In view of the above, there is a need to provide a solution to overcome or at least mitigate at least one of the above-mentioned drawbacks of the prior art.
Disclosure of Invention
In order to solve the problems, the invention provides a melamine derivative corrosion inhibitor, a preparation method and application thereof, wherein the corrosion inhibitor has the following advantages: 1. only hydrocarbon chains are introduced, so that the cost is further reduced, and the length of the carbon chain is optimized by taking the corrosion inhibition performance as an index. 2. Improve the solubility and enhance the adsorbability. 3. The use concentration of the corrosion inhibitor is reduced, the trace application concentration is achieved, the cost is reduced, and meanwhile, the pollution is favorably reduced.

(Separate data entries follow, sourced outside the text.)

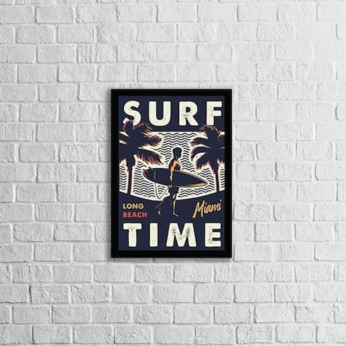 Quadro surf time 33x24cm - com vidro Moldura: madeira preta Informações do produto tire todas as suas dúvidas no descritivo abaixo: decoração para quarto, sala, cozinha, escritório, área gourmet e muito mais. Chega de paredes vazias medidas - cada peça tem 33x24cm a4 . Material do papel - papel fotográfico brilhante de altíssima resolução acabamento - todos os quadros são acompanhados de vidro para proteção da imagem. - moldura em madeira maciça na cor preta e pendurador . - os quadros são embalados de forma segura com plástico bolha com camada dupla de acordo com o tamanho dos quadros. - de 3 meses. Meu quadro chegou. Como posso fixá-lo Você precisa apenas de um martelo e um prego, pois os quadros já vão acompanhados de penduradores. Esta é a forma mais indicada. Como posso limpar meu quadro A limpeza é feita como um móvel comum da sua casa. Apenas um pano seco ou espanador são suficientes para tal Ean: 7895142228886
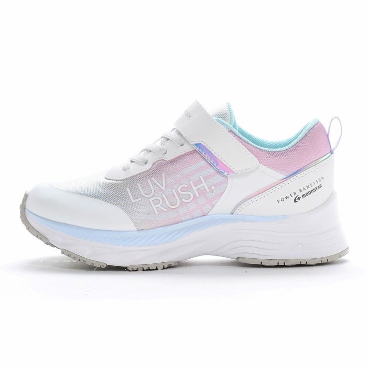 | 「もっと可愛く!もっと速く!女の子のスポーツシーンを足元から応援!」をコンセプトに誕生したムーンスターのガールズ向けブランド「ラブラッシュ バイ スーパースター」の幅広3Eジュニアシューズです。 「速く走る」を体現するために従来のパワーバネの約150%の復元力を持つ「パワーバネ150」を靴底に搭載しています。 重さは21.0cmで片足約195gです。 【パワーバネ】ムーンスター独自開発の特殊なゴムを靴底に搭載し、地面を踏みこむときにパワーを蓄積し、蹴り出すと同時に一気にパワーを推進力に。 【Ag+抗菌防臭】銀イオンの抗菌作用でにおいのもととなる菌の増殖を抑制し、防臭効果を発揮します。 【洗えるインソール】インソールは取り出して洗えるのでいつも清潔に保てます。 【耐摩耗ラバー】靴底にはすり減りが少なく、高い耐久性を発揮するラバーを採用しています。 【軽量設計】軽くなるよう工夫を施した設計です。大人っぽいボリュームのあるソールと、アッパーのグラデーションメッシュに波状のラインがスポーティな雰囲気。部品を最小限に止めて軽さを追求しました。お出かけはもちろん、運動会や体育の時間等の走るシーンや様々なアクティビティにおすすめです。 | |
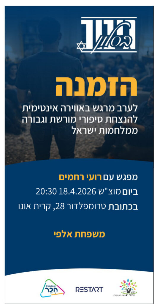 גיבור בסלון2026 | קרית אונו | אלפי | רועי רחמים | 18.4מאת מיכל אקשטיין שרון / 5 במרץ 2026 📍 מיקום האירוע: טרומפלדור 28, קרית אונו📅 תאריך: 18/04/2026⏰ שעה: 20:30האירוע מלא. לא ניתן להירשם.
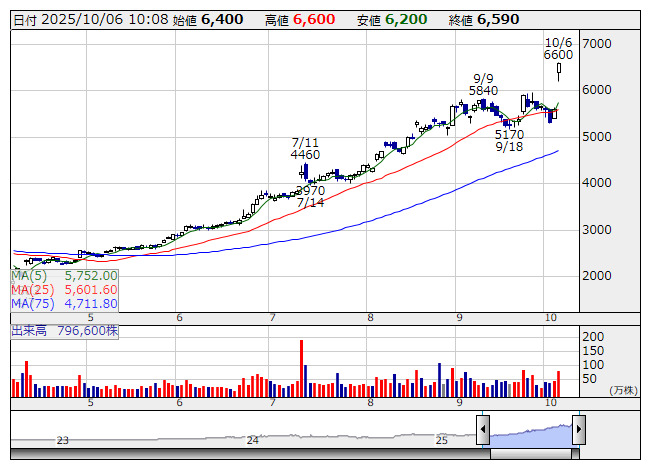 古野電 <日足> 「株探」多機能チャートより舶用事業における販売が好調に推移しており、商船向けでは、中国における造船会社の高水準な手持ち工事量を背景に建造能力の拡大が進んだ結果、納期の全体的な前倒しが発生し販売が増加。また、プレジャーボート向けでは、今期に上市した戦略商品の販売が好調だったことに加え、4月に発表された米国関税政策の影響による前倒し需要が発生し、売上高・利益を押し上げたとしている。
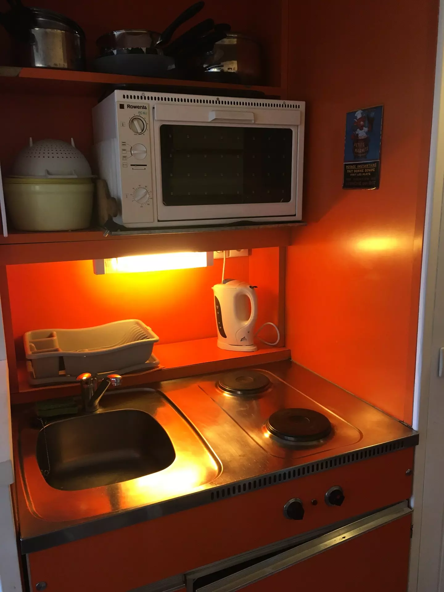 Elle est entièrement équipée avec des plaques électriques, un four, un réfrigérateur, un grille-pain, une bouilloire, une cafetière, et un micro-onde.
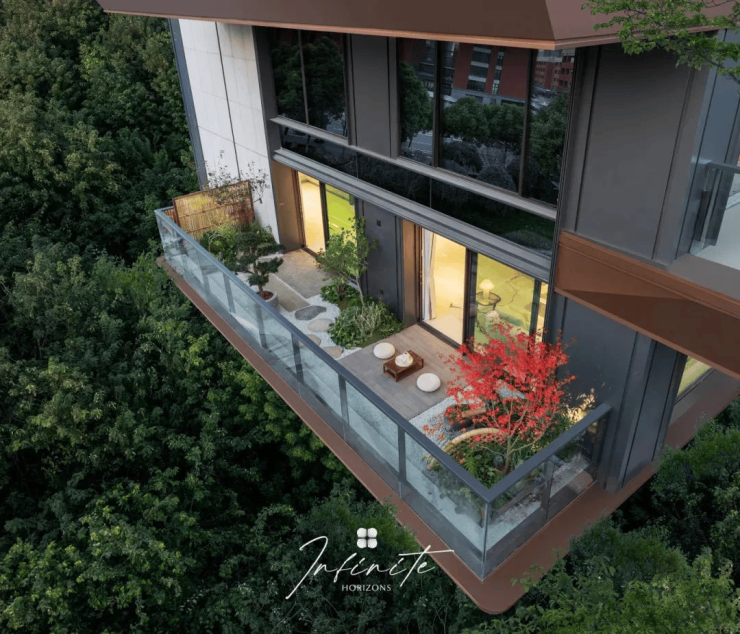 为形成垂直楼宇里的室内“小桃源”,中海·江南玖序还通过奇偶层平权化、采光私密平衡化、空中花园创新设计等方式,将地面的庭院“搬”到空中。
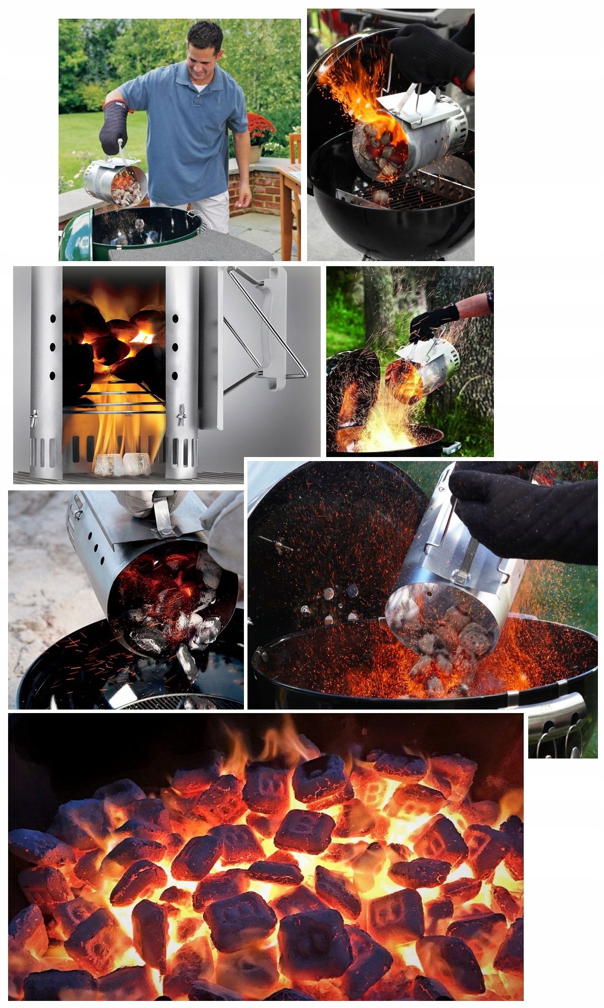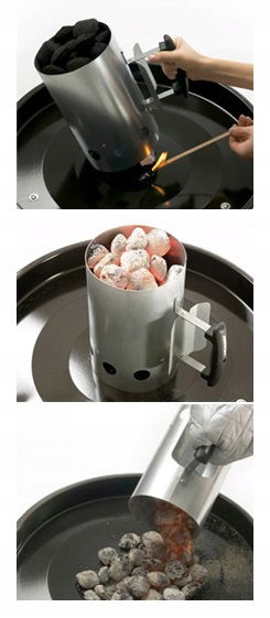 W celu użycia: komin od góry wypełnij brykietem. W dolnej części umieść papier bądź rozpałkę, podpal je i odczekaj do rozżarzenia węgli, a następnie wysyp je na palenisko grilla/wędzarni. Konstrukcję należy umieścić na niepalnym, stabilnym, płaskim podłożu na świeżym powietrzu (np. na ruszcie od grilla).
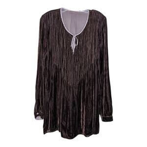 CP Shades Tunic Top Small Regina Velvet Pleated Tie Front Keyhole Rayon Silk Brown
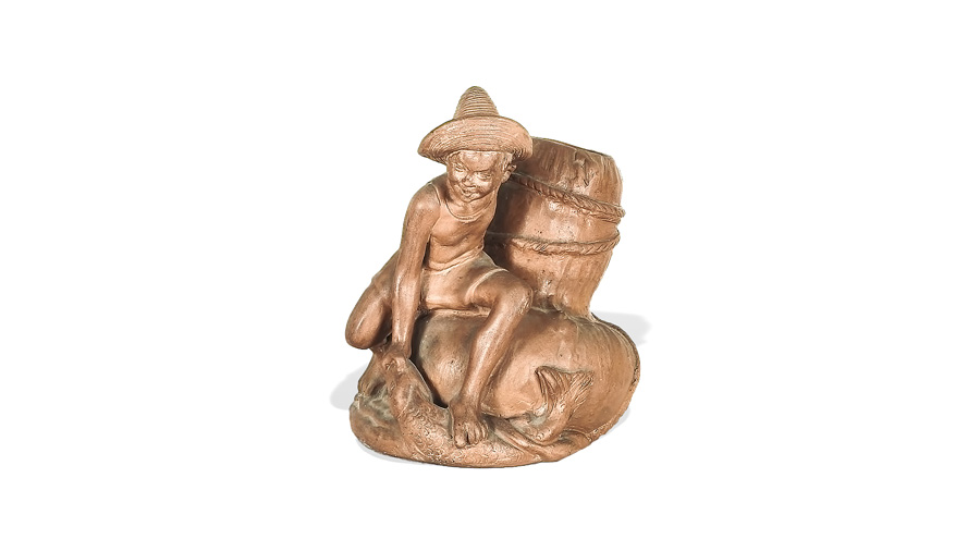 SCUOLA NAPOLETANA DELL'INIZIO DEL XX SECOLO Gruppo in terracotta raffigurante Pescatorello con cesta h cm 20 NEAPOLITAN SCHOOL OF EARLY 20TH CENTURY, TERRACOTTA FIGURAL GROUP

The invention is realized by the following technical scheme:
a melamine derivative corrosion inhibitor, which is a metal corrosion inhibitor for carbon steel in an acidic environment; the corrosion inhibitor is a compound I, and the chemical structural formula of the compound I is as follows:
the invention also provides a preparation method of the melamine derivative corrosion inhibitor, the preparation method is designed according to the reaction characteristics of cyanuric chloride, and the preparation method takes N-octylamine, N-dimethyl-1, 3-propane diamine and cyanuric chloride as raw materials; n-octylamine is used as a nucleophilic reagent to substitute two chlorine atoms (Cl) in cyanuric chloride step by step, and N, N-dimethyl-1, 3-propane diamine is also used as a nucleophilic reagent to substitute the remaining chlorine atom (Cl) of the cyanuric chloride to obtain the compound I.

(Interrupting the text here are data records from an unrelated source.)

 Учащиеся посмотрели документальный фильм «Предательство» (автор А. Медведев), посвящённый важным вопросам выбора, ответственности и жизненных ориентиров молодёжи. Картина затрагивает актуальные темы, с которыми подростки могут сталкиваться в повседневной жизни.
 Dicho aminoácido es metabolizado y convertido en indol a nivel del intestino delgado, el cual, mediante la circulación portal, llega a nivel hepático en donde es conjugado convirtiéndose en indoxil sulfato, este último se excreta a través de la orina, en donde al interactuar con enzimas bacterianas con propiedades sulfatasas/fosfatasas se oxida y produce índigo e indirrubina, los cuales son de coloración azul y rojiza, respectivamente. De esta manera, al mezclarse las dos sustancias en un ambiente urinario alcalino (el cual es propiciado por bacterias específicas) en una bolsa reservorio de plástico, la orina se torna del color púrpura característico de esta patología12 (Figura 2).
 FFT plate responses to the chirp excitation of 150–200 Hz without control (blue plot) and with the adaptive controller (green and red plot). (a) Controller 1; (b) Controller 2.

Further, the preparation method specifically comprises the following steps:
step 1: n-octylamine is used as a nucleophilic reagent to replace the first chlorine atom in cyanuric chloride to obtain a mono-substituted intermediate compound II, and the reaction is shown as the following formula (I):
step 2: n-octylamine as a nucleophile to replace the second chlorine atom in cyanuric chloride, to give a disubstituted intermediate compound III, which is represented by the following formula (II):
and step 3: substituting a third chlorine atom in cyanuric chloride by N, N-dimethyl-1, 3-propanediamine as a nucleophile to obtain the compound I, wherein the reaction is shown as the following formula (III):
further, in the preparation method, the reaction sequence of step 1 to step 3 cannot be changed for the following reasons:
firstly, the requirements of three-step nucleophilic substitution reaction of cyanuric chloride on reaction conditions are gradually increased, namely, the substitution temperature of the second step (step 2) and the third step (step 3) is higher than that of the first step (step 1), and the reaction conditions are more severe; step three (step 3) replaces the situation that if the reaction activity of the raw materials is too low, the requirement on the reaction condition is high or the reaction cannot be carried out due to too low activity; therefore, the first step (step 1) substitution and the second step (step 2) substitution are carried out by using n-octylamine with lower substitution reaction activity, and the third step (step 3) substitution is carried out by using propylene diamine with higher nucleophilic substitution reaction activity;
secondly, the nucleophilic substitution reaction of the melamine is related to reaction raw materials and reaction conditions; the nucleophilic substitution activity of the propane diamine is stronger than that of n-hexylamine, and the n-hexylamine is selected as a primary substitution raw material of cyanuric chloride, so that the possibility of side reaction can be reduced.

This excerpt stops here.